- Description of the task:
Leave the images aside and copy out the whole listing, exact to the word.

- Supplied material:
[Start of Attachment]

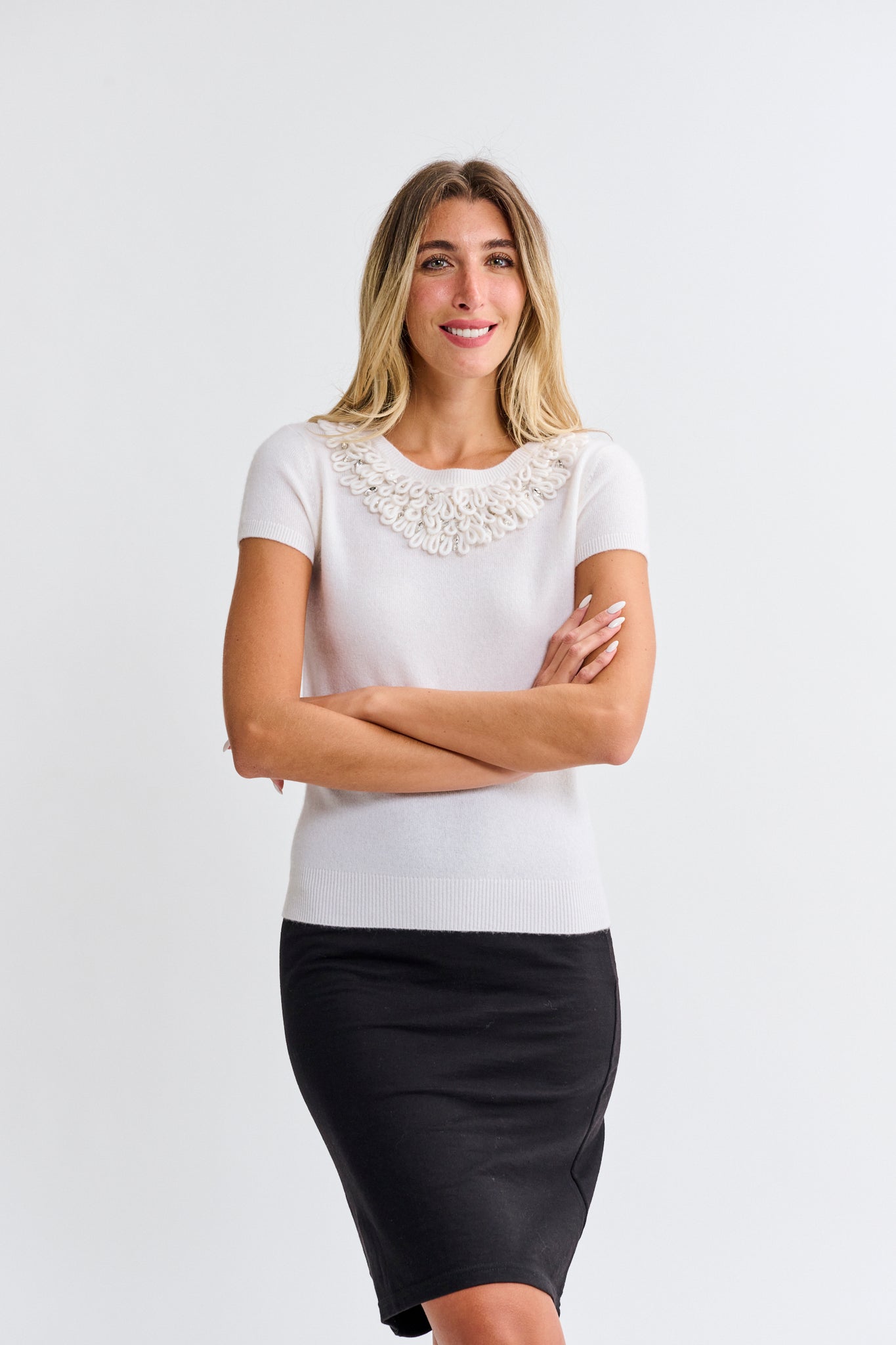 IVORY KNIT TOP WITH RHINESTONES & LOOPED TRIM AT NECK 334441
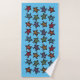 This set of bath towels that includes a wash towel, hand towel, and bath towel are blue each with a group of abstract black turtles with colourful markings on their shells in green, yellow, orange, purple, and red. Purchase the whole set or individually.
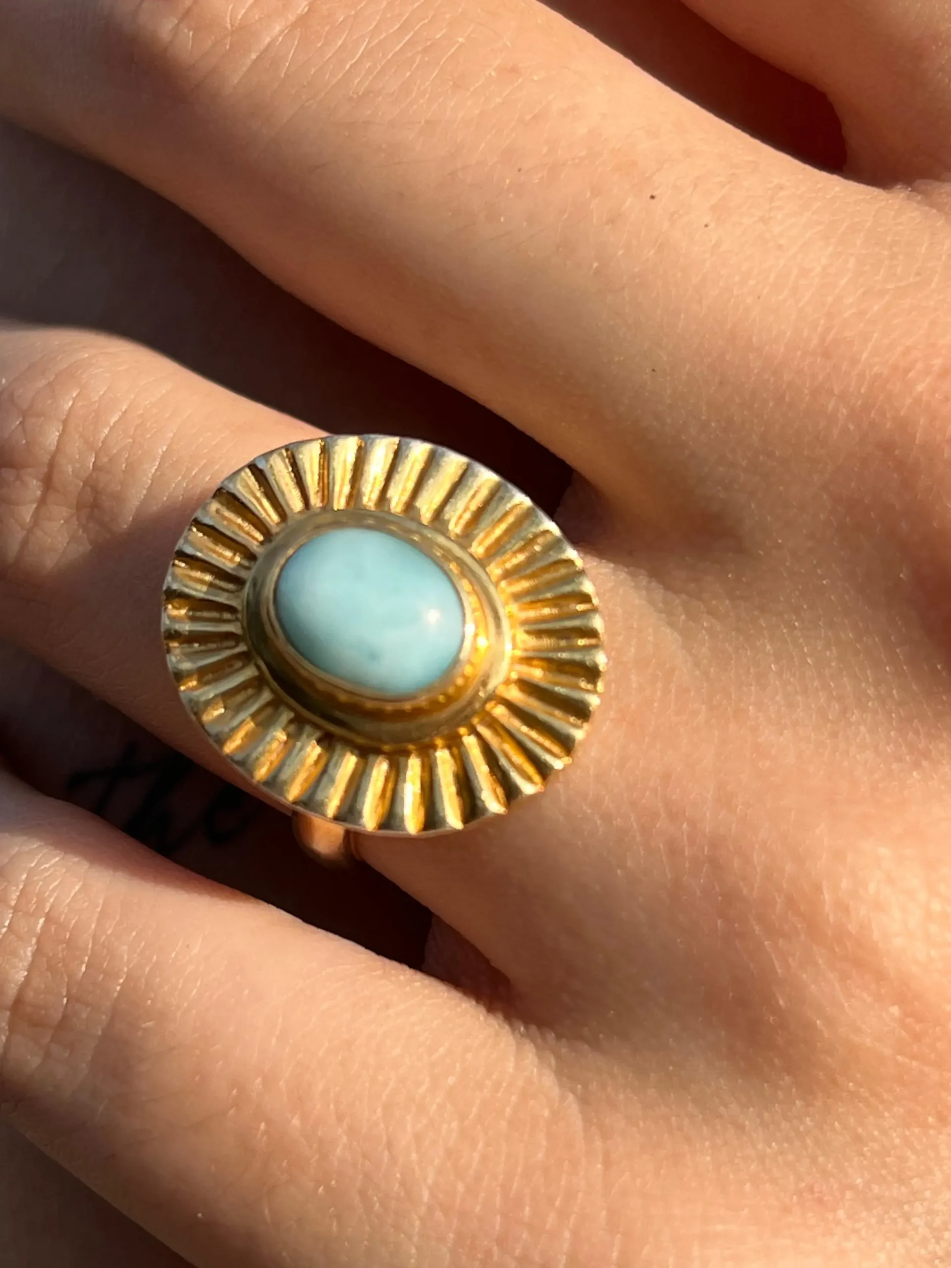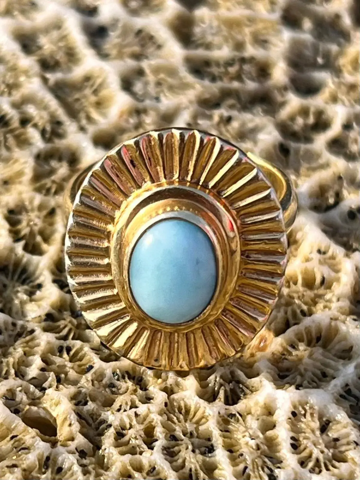 Dieser Fingerring verbindet Eleganz mit der Kraft des Türkis- ein Stein, der seit Jahrhunderten als Schutzsymbol und Quelle innerer Ruhe verehrt wird. Dieses Schmuckstück unterstreicht dein inneres Strahlen und sorgt für einen Glow-Auftritt.
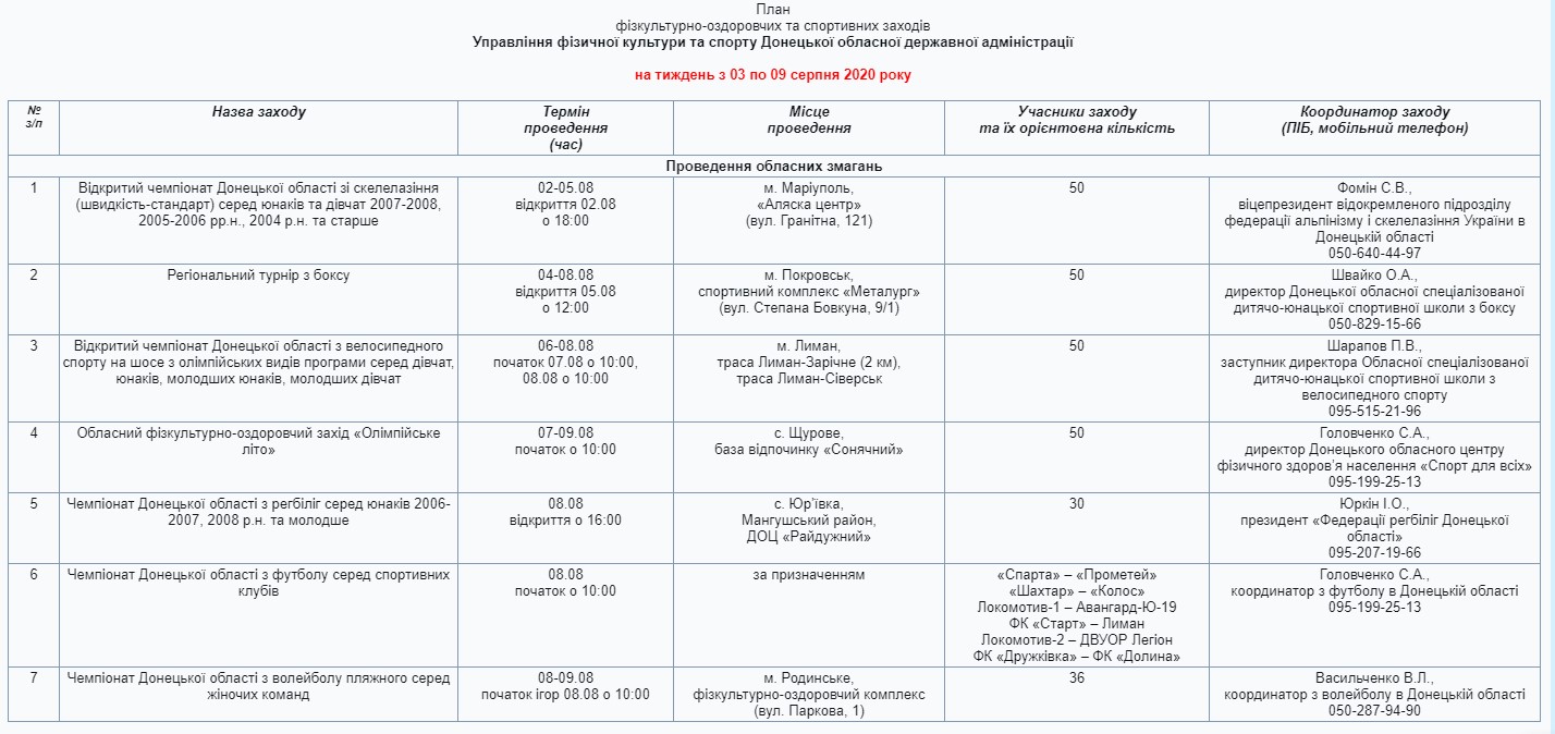 План опубліковано на сайті Управління фізичної культури та спорту Донецької обласної державної адміністрації.

[End of Attachment]

- Answer to this task:
 IVORY KNIT TOP WITH RHINESTONES & LOOPED TRIM AT NECK 334441
 This set of bath towels that includes a wash towel, hand towel, and bath towel are blue each with a group of abstract black turtles with colourful markings on their shells in green, yellow, orange, purple, and red. Purchase the whole set or individually.
 Dieser Fingerring verbindet Eleganz mit der Kraft des Türkis- ein Stein, der seit Jahrhunderten als Schutzsymbol und Quelle innerer Ruhe verehrt wird. Dieses Schmuckstück unterstreicht dein inneres Strahlen und sorgt für einen Glow-Auftritt.
 План опубліковано на сайті Управління фізичної культури та спорту Донецької обласної державної адміністрації.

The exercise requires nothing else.